Hi, fellow future and current Data Leaders; Ben here 👋
Today, we are going to dive into what goes on behind the scenes when you run a SQL query.
But before we jump in, I wanted to share a bit about Estuary, a platform I've used to help make clients' data workflows easier and am an adviser for. Estuary helps teams easily move data in real-time or on a schedule, from databases and SaaS apps to data lakes and warehouses, empowering data leaders to focus on strategy and impact rather than getting bogged down by infrastructure challenges. If you want to simplify your data workflows, check them out today.
Now let’s jump into the article!
Intro
Here is something school probably didn't teach you about SQL
Or at the very least you likely forgot.
When you write a query, hit submit, and then run the query or that little triangle in DBBeaver…
…what exactly happens?
Sure, you likely understand that data is pulled from multiple tables, data is filtered, and aggregations occur.
But behind the scenes, what is going on?
How does SQL go from English into the lingua franca of data?
In this article we will answer that question.
Query Execution Components
Let’s go through how your query gets parsed, and concepts like an execution plan.
My goal is to try to make this more exciting than my professor did in my database course.
Also, I am going to use the term SQL engine instead of RDBMS just because you have solutions like Trino or other similar solutions that are not a RDBMS.
Parser and Validation
The very first step in the process is lexical analysis(another term for this is tokenization). The goal of lexical analysis is to break down the SQL query into a series of tokens. Tokens are the smallest units of meaning in the SQL query, such as keywords, identifiers, operators, literals, and punctuation marks. This means your SELECT, FROM and WHERE for keywords and tables, and columns for identifiers, and <, = and <= for operators.
From there, you’ll likely have two more steps, depending on the SQL engine you’re using.

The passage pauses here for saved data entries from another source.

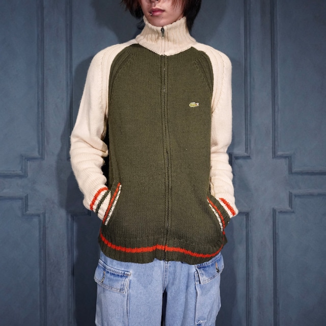 EU VINTAGE LACOSTE LOGO EMBROIDERY DESIGN ZIP UP DRIVERS KNIT BLOUSON/ヨーロッパ古着ラコステロゴ刺繍デザインジップアップドライバーズニットブルゾン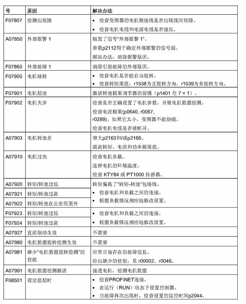 在使用過程中,西門子S120、G120出現故障,可以通過以下內容查詢故障原因并采取維修對策。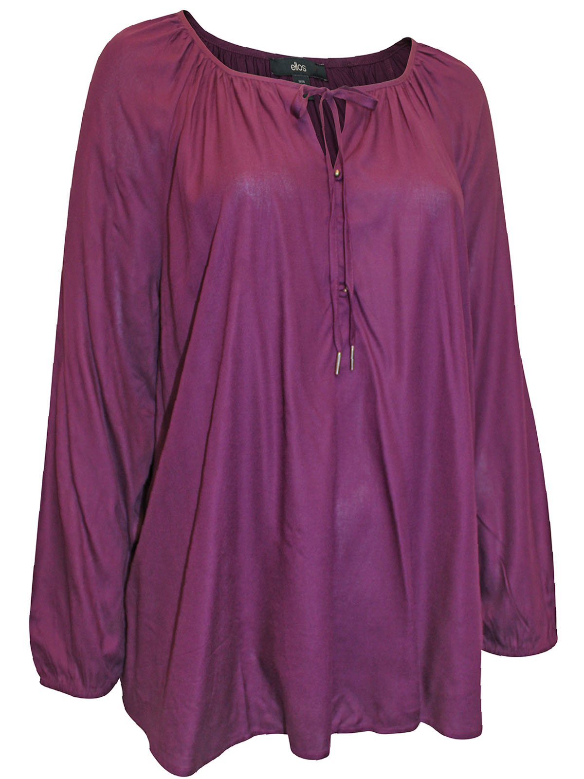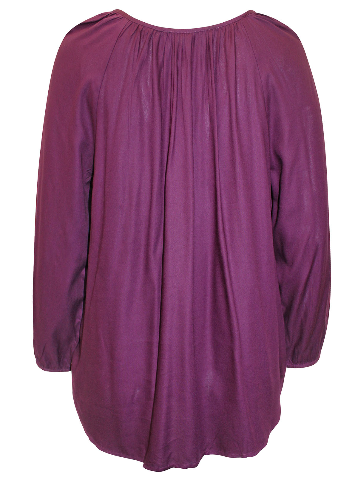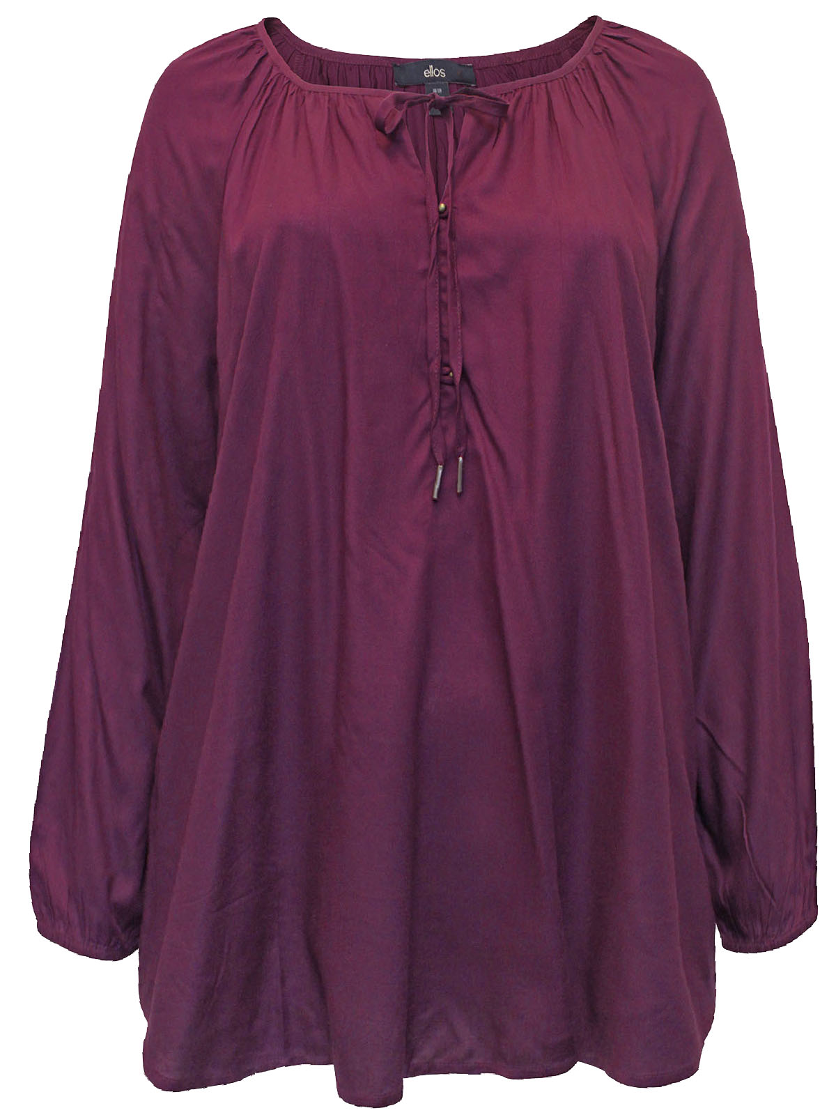 Peasant tunic has faux button placket tunic with keyhole and tie. Raglan long sleeves with elastic cuffs. Length 31in.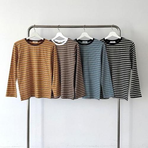 [다잇템_패션]여자 클래식 단가라 박시핏 U넥 링거 티셔츠

Syntax Check - This ensures that the SQL query follows the correct grammar and structure as defined by the SQL language. It identifies syntax errors like missing commas, misplaced keywords, or unmatched parentheses and that keywords are in the proper order.
Semantics Check - The SQL engine checks the query for semantic correctness. This involves checking whether the tables, columns, and other database objects referenced in the query exist and whether the operations are valid (e.g., ensuring data types are compatible).
Now as I said, this is dependent on what SQL engine you’re using. For example, here is an expert from Understanding MySQL Internals,
MySQL’s parser, like many others, consists of two parts: the lexical scanner and the grammar rule module. The lexical scanner breaks the entire query into tokens (elements that are indivisible, such as column names), while the grammar rule module finds a combination of SQL grammar rules that produce this sequence, and executes the code associated with those rules. In the end, a parse tree is produced, which can now be used by the optimizer. - Understanding MySQL Internals.
The end result will be something like the parse tree below.
Now on to the next step!
Quick Pause!
If you’d like to help support this newsletter and get access to all my newsletters and future paid articles.
With that you’ll also get access to:
All past and future newsletters
Private AMA with me for paying subscribers only
Future webinars discussing data leadership, strategy and infrastructure topics
Translator/Algebrizer/Query Transformer
Depending on what SQL engine you’re using will impact the next step in the process. For example, SQL Server has an Algebrizer component. Oracle has their Query Transformer, and still other query engines have other names for this component.
Circling back to Microsoft SQL Server and it’s Algebrizer, it’s responsible for converting the logical SQL query into an algebraic representation(e.g. relational algebra)
Now if you’re like me, the only time you’ve ever seen relational algebra was in your database course where we had to hand-write out relational algebra for far more complex queries. But if you’re really curious about the relational algebra for your query, you can just use this online tool.
I do want to point out a few quick follow-ups here.
There can be multiple equivalent relational algebra expressions; these will be evaluated in a future step.
Relational algebra is not always explicitly used in the implementation of every SQL database.
Optimizer
The next step in the process is for all of those logical operations plans to map to physical operations. Now sometimes, I find that the terms logical and physical get a little abstract.
Like logical and physical data modeling.
The way you can think about it is that when we refer to logical, it's more like the blueprint of a house. Blueprints don’t necessarily know all the implementation details.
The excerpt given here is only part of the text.